* _Instructions for the task_
In the copy of the lines below, leave out pictures and print everything else exactly.

##########

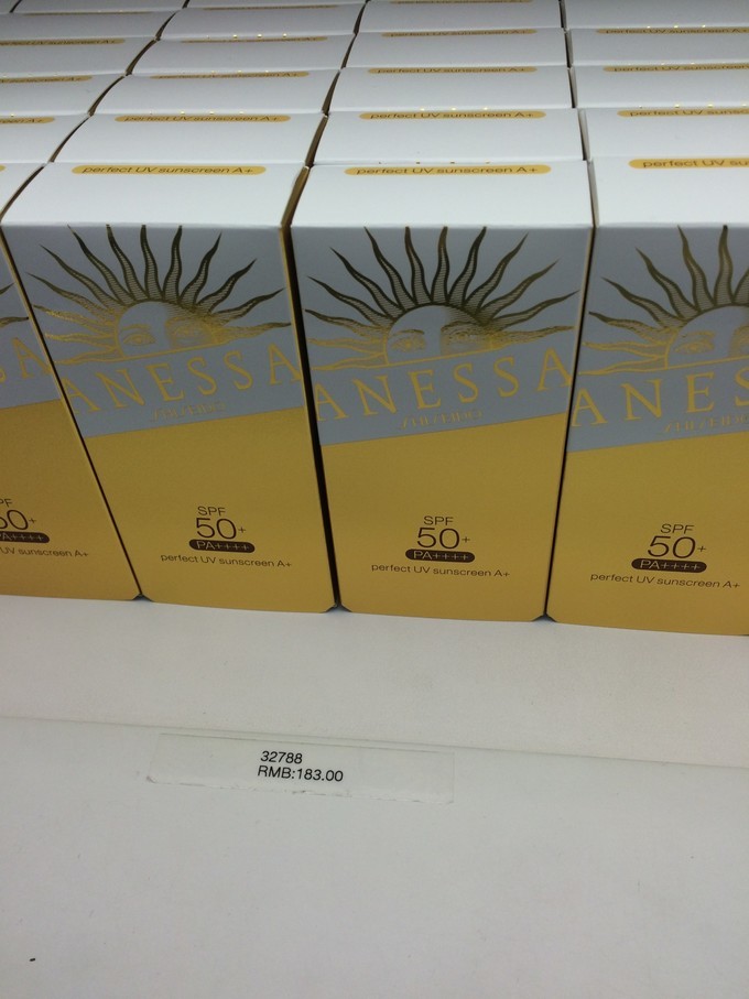 我就随便逛了一下,拍了一张大家经常会问到的安耐晒,记得去年机场是160的,今年180啦,看着货还是比较充足的哈,
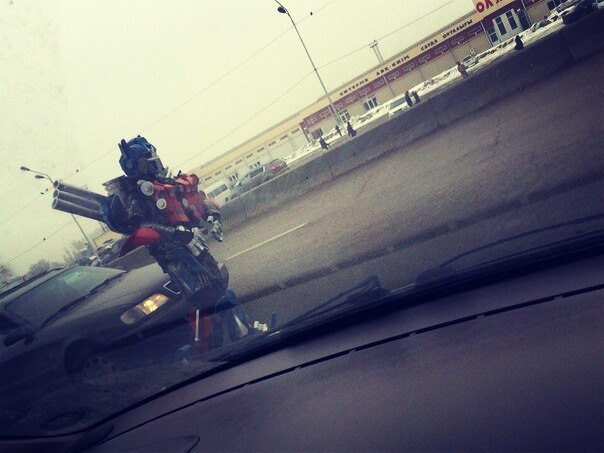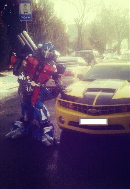 Трансформеры добрались до Алматы. Очевидцы сделали несколько фотографий человека в костюме Оптимуса Прайма, разгуливающего по улицам города. Фотографии выложил паблик "Типичная Алма-Ата".
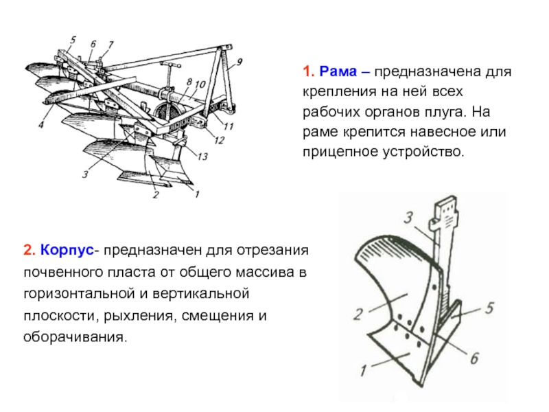 2. Корпус- предназначен для отрезания почвенного пласта от общего массива в горизонтальной и вертикальной плоскости, рыхления, смещения и оборачивания.
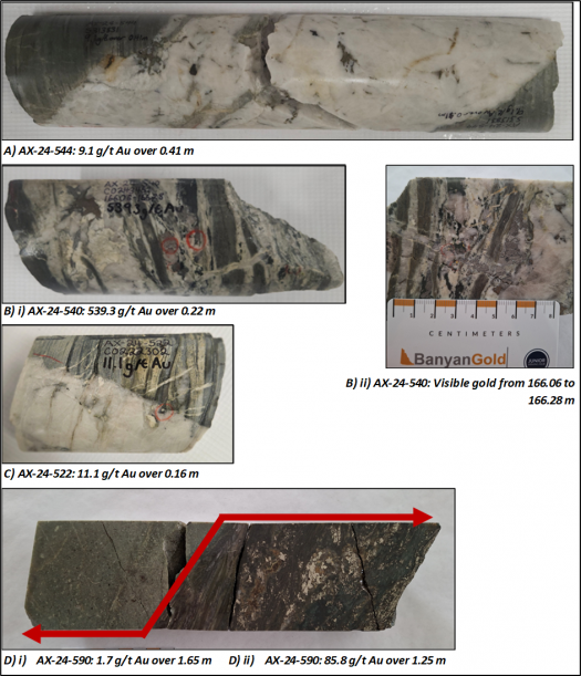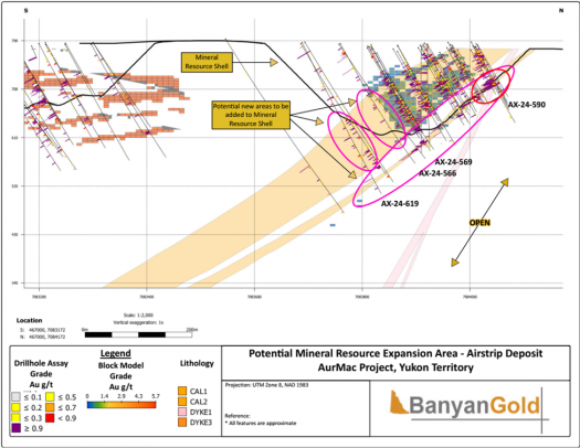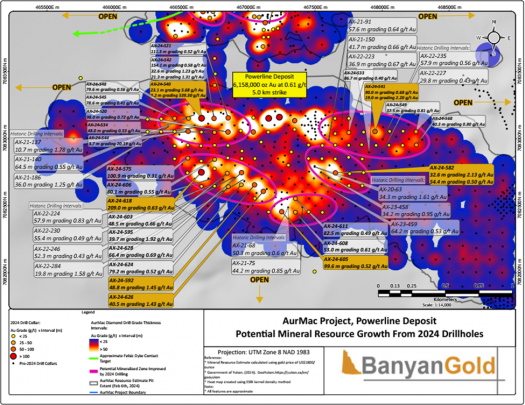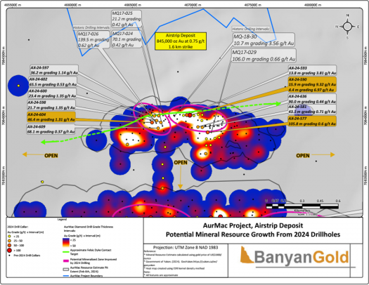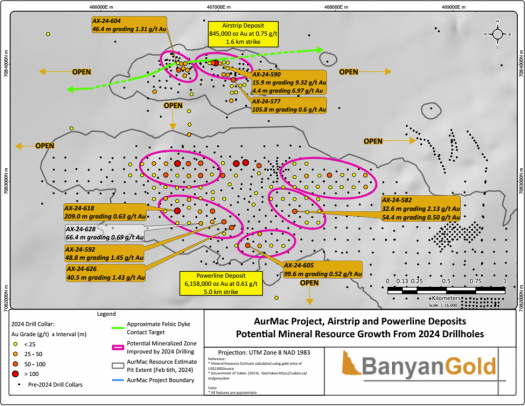 VANCOUVER, BC, March 3, 2025 - Banyan Gold Corp. (the "Company" or "Banyan") (TSX-V: BYN) (OTCQB: BYAGF) is pleased to announce a comprehensive summary of the 2024 AurMac definition drill program results. The 21,000 metre diamond drill program included 118 diamond drillholes collared within the Airstrip and Powerline Deposits which are located on the Company’s AurMac Project, within Yukon’s prolific Tombstone Gold Belt. 2024 drilling was highly successful with visible gold observed in multiple drillholes and multiple intersections of high-grade gold mineralization near surface and at depth in both the Airstrip and Powerline Deposits. The 2024 drill program has increased confidence in the Mineral Resources at AurMac and has demonstrated the potential to grow both the size and gold grade at the AurMac Project. An updated Mineral Resource estimate (“MRE”) expected in Q2 of 2025.
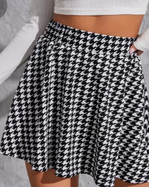 Falda circular estampado pata de gallo. Falda circular estampado pata de gallo talla CH, marca SHEIN único detalle no trae su etiqueta, así me llegó. Foto 1 de referencia no es la misma es solo una idea de como se puede usar
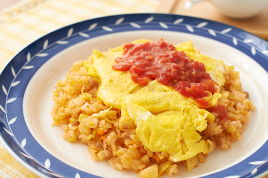 キャベツでボリュームアップ!さっぱり酸味の効いたトマトソースで、塩分控えめ、満足感大!のオムライス♪
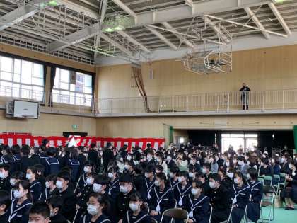 この後、グランドで配布物や予定の連絡などがあります。
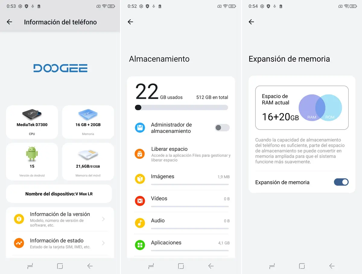 En cuanto a su motor interno, tanto el DOOGEE V MAX Play como el LR están impulsados por el MediaTek Dimensity 7300 5G, un procesador de ocho núcleos fabricado con tecnología de 4 nm. Viene acompañado de 16 GB de RAM base que se pueden extender hasta 36 GB usando parte de la memoria de su enorme almacenamiento de 512 GB que asegura espacio de sobra para guardar películas y todo el contenido de tus aventuras.
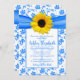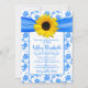 Yellow and blue floral damask and sunflower flower Catholic holy first communion invitation for her. This yellow sunflower and cornflower blue damask floral girls communion invitation is currently customised as a First Communion invitation, but it would work well as a confirmation, baptism, or christening invitation as well. Just change the wording. NOTE: This is a flat, printed design without any raised or 3D embellishments. The yellow sunflower flower and cornflower blue ribbon are printed on the paper.
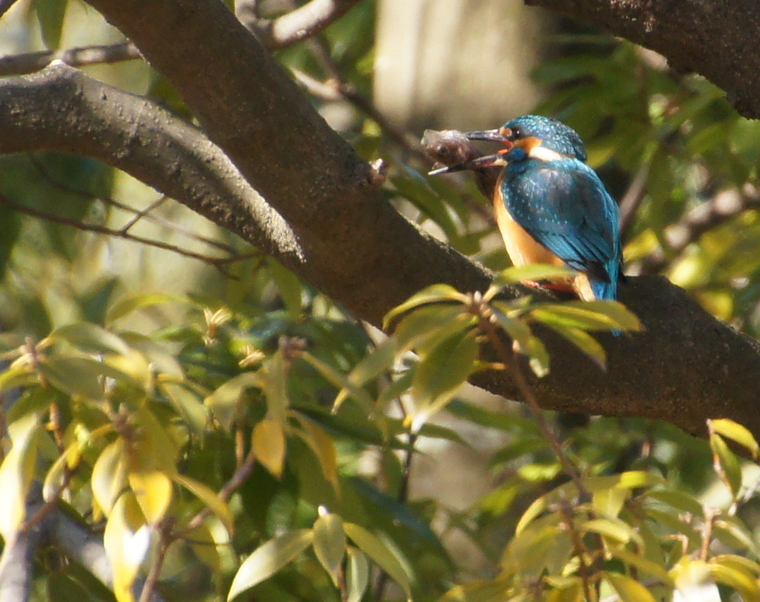 近所の公園にて。 小春日和のせいかアクティブなカワセミでした。
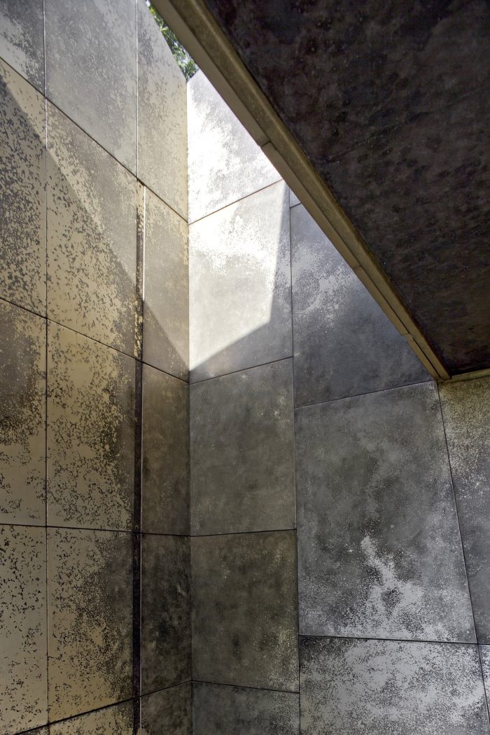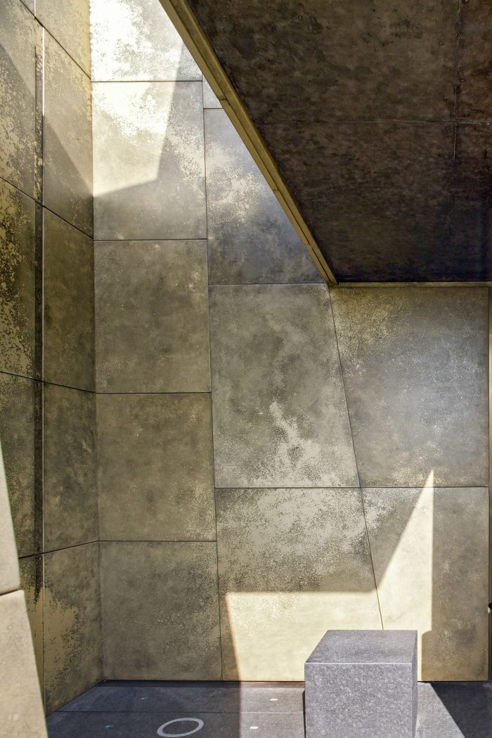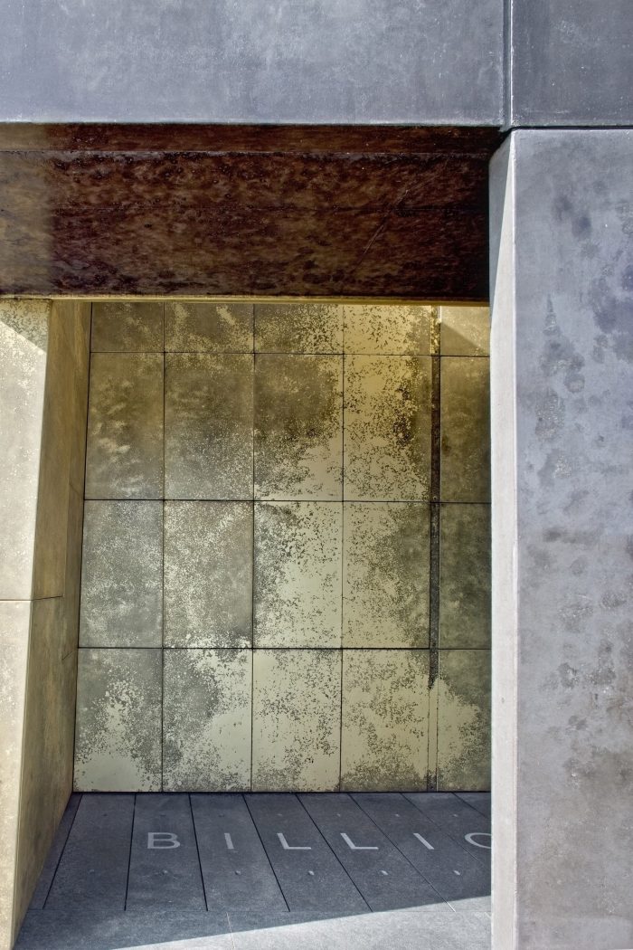 该墓使用了低成本的技术和材料,如阳极氧化铝和混凝土,尽量减少任何装饰性器具,以强调存在的表现性元素的意义和价值。
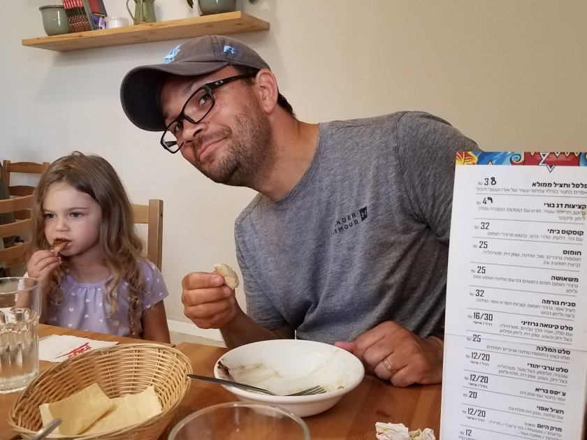 We had a leisurely breakfast at the Lehem Erez cafe on Moriya Boulevard. The food was good and a female patron who was smoking outside offered to put out her cigarette after the kids complained about the smell. She’ll thank them in twenty years.
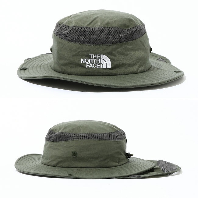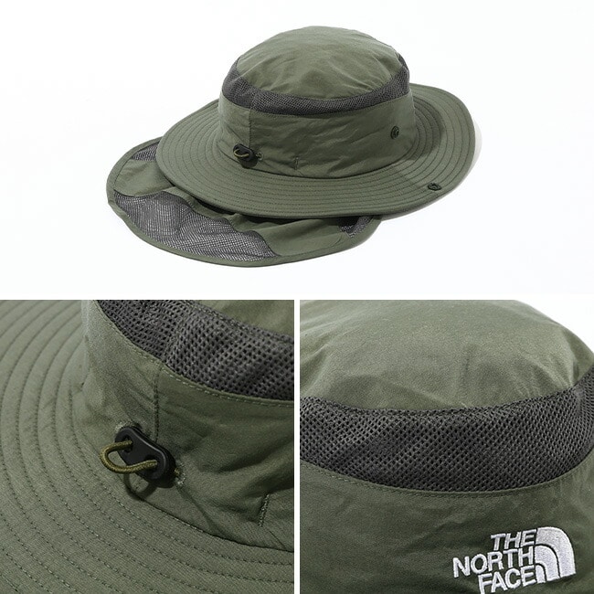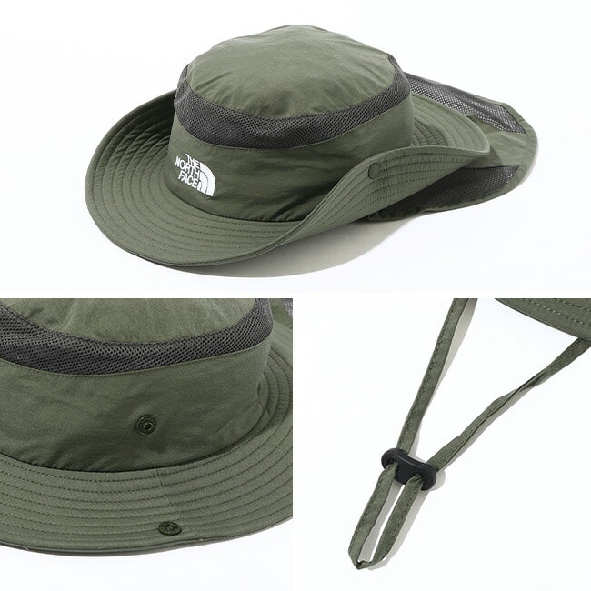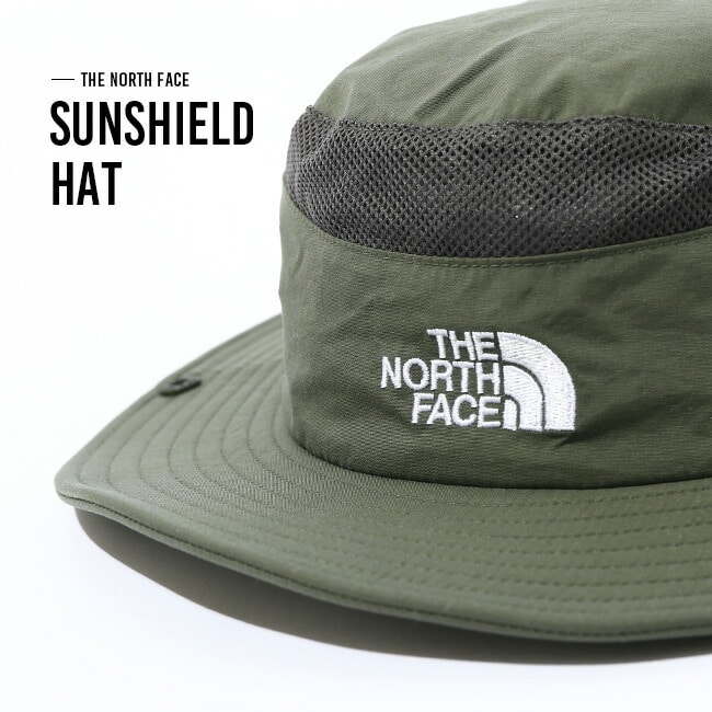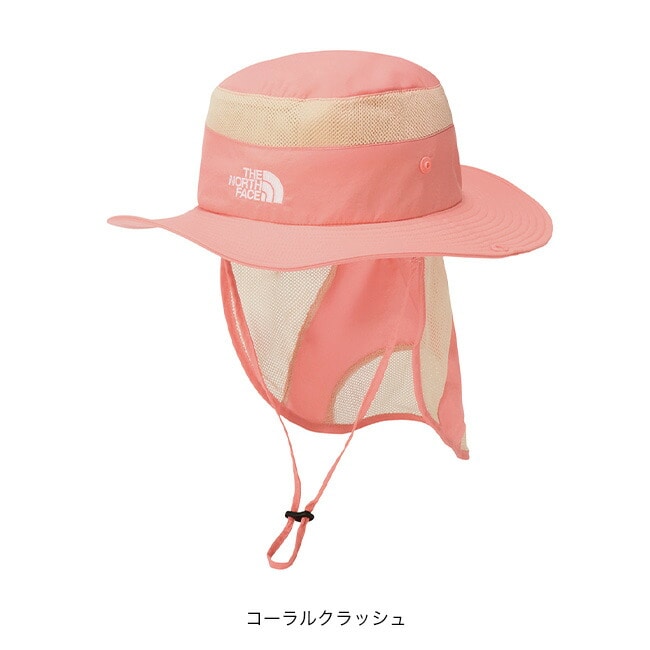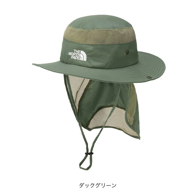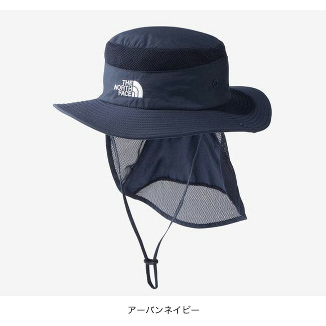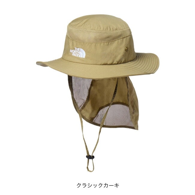 フックで簡単に取り外せるサンシールドは、首まわりの日焼け対策に有効。本体には、はっ水加工を施した軽量なナイロン素材を使用しています。

##########

* _Result for this exercise_
 我就随便逛了一下,拍了一张大家经常会问到的安耐晒,记得去年机场是160的,今年180啦,看着货还是比较充足的哈,
 Трансформеры добрались до Алматы. Очевидцы сделали несколько фотографий человека в костюме Оптимуса Прайма, разгуливающего по улицам города. Фотографии выложил паблик "Типичная Алма-Ата".
 2. Корпус- предназначен для отрезания почвенного пласта от общего массива в горизонтальной и вертикальной плоскости, рыхления, смещения и оборачивания.
 VANCOUVER, BC, March 3, 2025 - Banyan Gold Corp. (the "Company" or "Banyan") (TSX-V: BYN) (OTCQB: BYAGF) is pleased to announce a comprehensive summary of the 2024 AurMac definition drill program results. The 21,000 metre diamond drill program included 118 diamond drillholes collared within the Airstrip and Powerline Deposits which are located on the Company’s AurMac Project, within Yukon’s prolific Tombstone Gold Belt. 2024 drilling was highly successful with visible gold observed in multiple drillholes and multiple intersections of high-grade gold mineralization near surface and at depth in both the Airstrip and Powerline Deposits. The 2024 drill program has increased confidence in the Mineral Resources at AurMac and has demonstrated the potential to grow both the size and gold grade at the AurMac Project. An updated Mineral Resource estimate (“MRE”) expected in Q2 of 2025.
 Falda circular estampado pata de gallo. Falda circular estampado pata de gallo talla CH, marca SHEIN único detalle no trae su etiqueta, así me llegó. Foto 1 de referencia no es la misma es solo una idea de como se puede usar
 キャベツでボリュームアップ!さっぱり酸味の効いたトマトソースで、塩分控えめ、満足感大!のオムライス♪
 この後、グランドで配布物や予定の連絡などがあります。
 En cuanto a su motor interno, tanto el DOOGEE V MAX Play como el LR están impulsados por el MediaTek Dimensity 7300 5G, un procesador de ocho núcleos fabricado con tecnología de 4 nm. Viene acompañado de 16 GB de RAM base que se pueden extender hasta 36 GB usando parte de la memoria de su enorme almacenamiento de 512 GB que asegura espacio de sobra para guardar películas y todo el contenido de tus aventuras.
 Yellow and blue floral damask and sunflower flower Catholic holy first communion invitation for her. This yellow sunflower and cornflower blue damask floral girls communion invitation is currently customised as a First Communion invitation, but it would work well as a confirmation, baptism, or christening invitation as well. Just change the wording. NOTE: This is a flat, printed design without any raised or 3D embellishments. The yellow sunflower flower and cornflower blue ribbon are printed on the paper.
 近所の公園にて。 小春日和のせいかアクティブなカワセミでした。
 该墓使用了低成本的技术和材料,如阳极氧化铝和混凝土,尽量减少任何装饰性器具,以强调存在的表现性元素的意义和价值。
 We had a leisurely breakfast at the Lehem Erez cafe on Moriya Boulevard. The food was good and a female patron who was smoking outside offered to put out her cigarette after the kids complained about the smell. She’ll thank them in twenty years.
 フックで簡単に取り外せるサンシールドは、首まわりの日焼け対策に有効。本体には、はっ水加工を施した軽量なナイロン素材を使用しています。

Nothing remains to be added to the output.